[Saved data entries]
· · ·

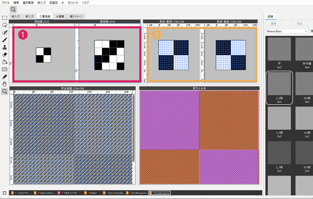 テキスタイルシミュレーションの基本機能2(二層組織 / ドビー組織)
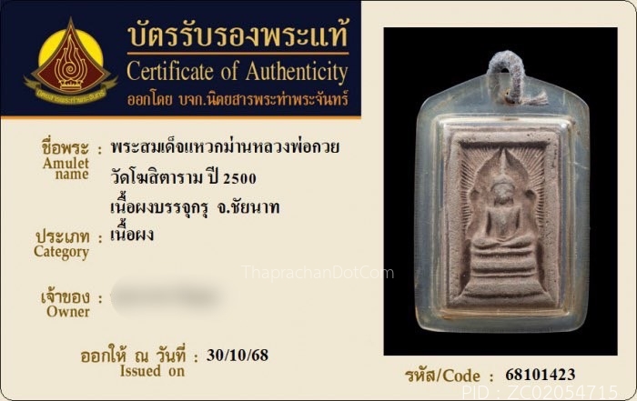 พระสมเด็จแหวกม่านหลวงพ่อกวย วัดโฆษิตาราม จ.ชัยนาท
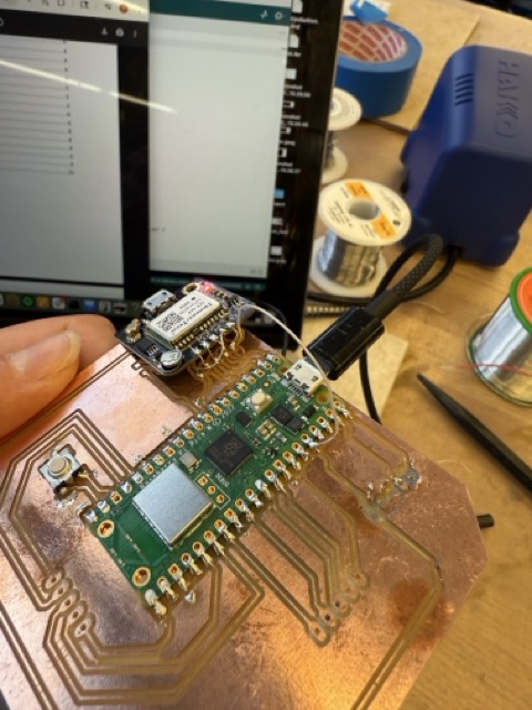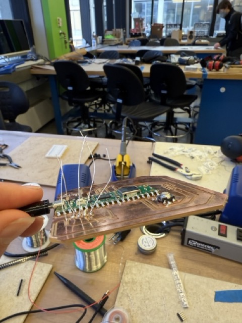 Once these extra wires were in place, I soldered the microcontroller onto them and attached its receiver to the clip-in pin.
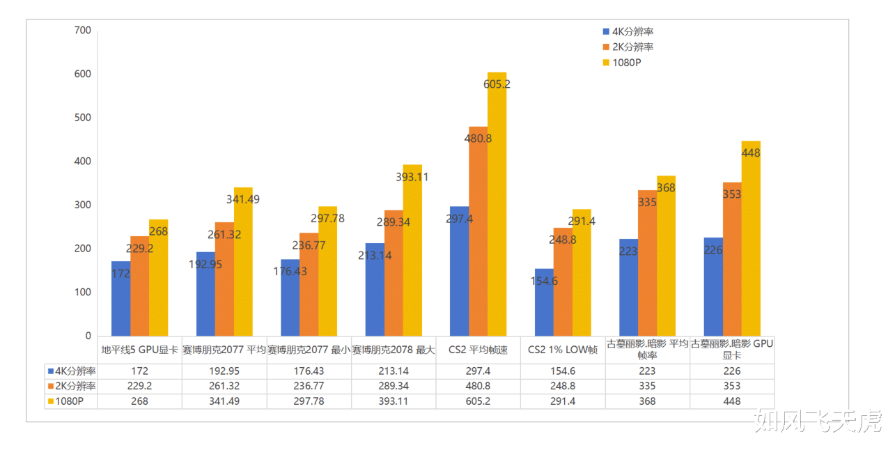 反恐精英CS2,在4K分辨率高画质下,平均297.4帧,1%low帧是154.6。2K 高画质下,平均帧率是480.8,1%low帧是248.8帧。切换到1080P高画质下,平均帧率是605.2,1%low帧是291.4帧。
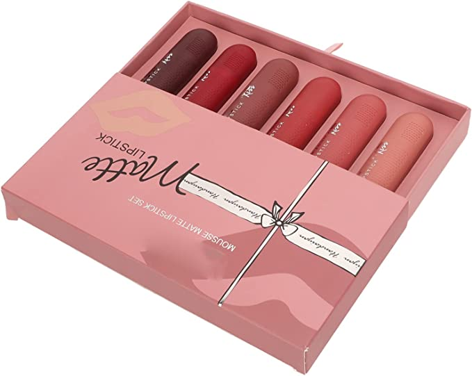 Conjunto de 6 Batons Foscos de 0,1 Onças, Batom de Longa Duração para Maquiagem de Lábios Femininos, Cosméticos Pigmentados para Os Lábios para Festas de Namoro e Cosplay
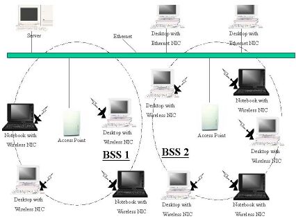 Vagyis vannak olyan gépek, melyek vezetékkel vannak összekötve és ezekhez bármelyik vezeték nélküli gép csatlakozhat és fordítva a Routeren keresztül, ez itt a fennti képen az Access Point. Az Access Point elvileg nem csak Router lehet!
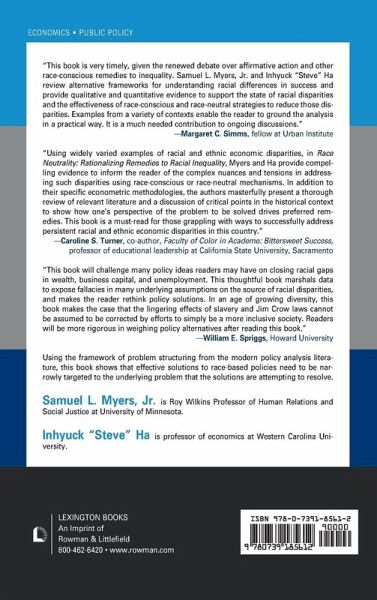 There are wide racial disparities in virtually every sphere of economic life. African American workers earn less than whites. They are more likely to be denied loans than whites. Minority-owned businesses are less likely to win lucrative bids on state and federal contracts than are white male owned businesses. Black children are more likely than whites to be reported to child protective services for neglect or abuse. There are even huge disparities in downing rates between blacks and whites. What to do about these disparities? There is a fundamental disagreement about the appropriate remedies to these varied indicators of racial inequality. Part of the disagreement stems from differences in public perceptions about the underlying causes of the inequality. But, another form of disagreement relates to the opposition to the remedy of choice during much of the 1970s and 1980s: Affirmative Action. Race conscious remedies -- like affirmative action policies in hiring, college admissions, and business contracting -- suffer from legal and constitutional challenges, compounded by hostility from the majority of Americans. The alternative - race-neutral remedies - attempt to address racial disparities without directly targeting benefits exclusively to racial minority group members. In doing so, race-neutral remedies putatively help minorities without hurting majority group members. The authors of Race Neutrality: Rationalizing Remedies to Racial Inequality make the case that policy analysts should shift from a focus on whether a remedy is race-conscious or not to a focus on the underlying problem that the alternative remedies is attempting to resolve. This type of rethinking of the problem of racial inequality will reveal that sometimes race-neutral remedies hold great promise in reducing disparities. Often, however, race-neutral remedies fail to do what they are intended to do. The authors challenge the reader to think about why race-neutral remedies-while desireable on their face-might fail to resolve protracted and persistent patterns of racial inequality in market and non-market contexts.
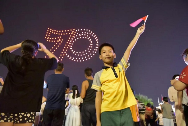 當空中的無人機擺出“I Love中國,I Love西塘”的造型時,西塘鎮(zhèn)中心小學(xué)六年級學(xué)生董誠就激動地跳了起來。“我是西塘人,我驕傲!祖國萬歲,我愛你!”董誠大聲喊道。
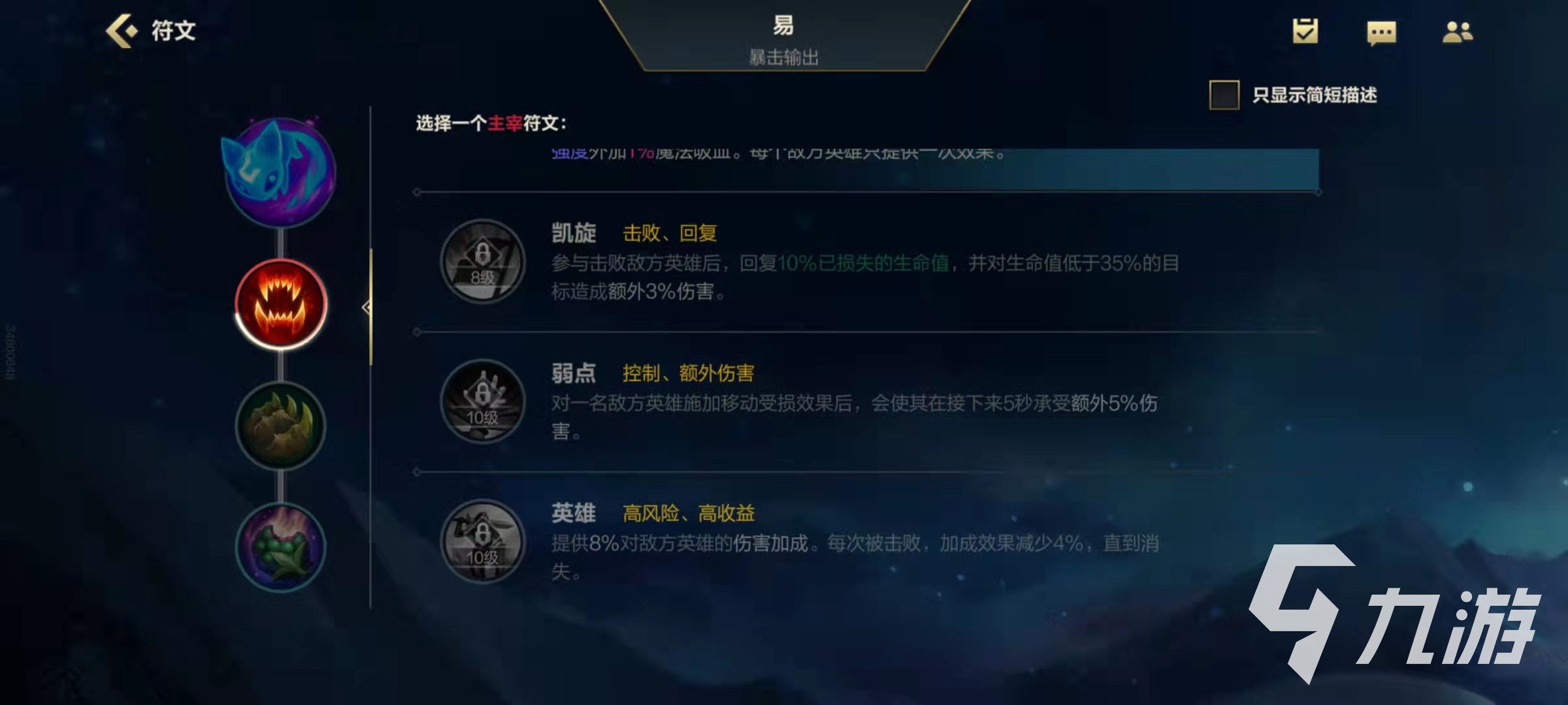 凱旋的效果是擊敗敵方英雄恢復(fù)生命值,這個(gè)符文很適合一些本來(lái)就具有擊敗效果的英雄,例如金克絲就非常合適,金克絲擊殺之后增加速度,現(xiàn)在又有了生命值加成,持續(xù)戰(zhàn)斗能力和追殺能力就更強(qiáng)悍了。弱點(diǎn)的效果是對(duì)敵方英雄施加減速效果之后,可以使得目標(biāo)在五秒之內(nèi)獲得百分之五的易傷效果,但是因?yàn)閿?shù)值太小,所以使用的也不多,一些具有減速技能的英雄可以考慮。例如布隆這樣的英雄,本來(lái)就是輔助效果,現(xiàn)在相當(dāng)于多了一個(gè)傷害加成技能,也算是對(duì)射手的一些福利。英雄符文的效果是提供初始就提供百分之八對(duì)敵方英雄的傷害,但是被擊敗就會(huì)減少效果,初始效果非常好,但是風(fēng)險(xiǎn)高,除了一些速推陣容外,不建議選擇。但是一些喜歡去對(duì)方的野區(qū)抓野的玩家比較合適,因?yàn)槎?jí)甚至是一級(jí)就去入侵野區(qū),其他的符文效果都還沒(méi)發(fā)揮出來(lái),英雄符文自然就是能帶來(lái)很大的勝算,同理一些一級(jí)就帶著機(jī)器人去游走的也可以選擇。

· · ·

## Work request
Say again, exactly, only those lines of the records that run from the start through the line with "Vagyis vannak olyan". Pictures are to be skipped.

## Problem solution
 テキスタイルシミュレーションの基本機能2(二層組織 / ドビー組織)
 พระสมเด็จแหวกม่านหลวงพ่อกวย วัดโฆษิตาราม จ.ชัยนาท
 Once these extra wires were in place, I soldered the microcontroller onto them and attached its receiver to the clip-in pin.
 反恐精英CS2,在4K分辨率高画质下,平均297.4帧,1%low帧是154.6。2K 高画质下,平均帧率是480.8,1%low帧是248.8帧。切换到1080P高画质下,平均帧率是605.2,1%low帧是291.4帧。
 Conjunto de 6 Batons Foscos de 0,1 Onças, Batom de Longa Duração para Maquiagem de Lábios Femininos, Cosméticos Pigmentados para Os Lábios para Festas de Namoro e Cosplay
 Vagyis vannak olyan gépek, melyek vezetékkel vannak összekötve és ezekhez bármelyik vezeték nélküli gép csatlakozhat és fordítva a Routeren keresztül, ez itt a fennti képen az Access Point. Az Access Point elvileg nem csak Router lehet!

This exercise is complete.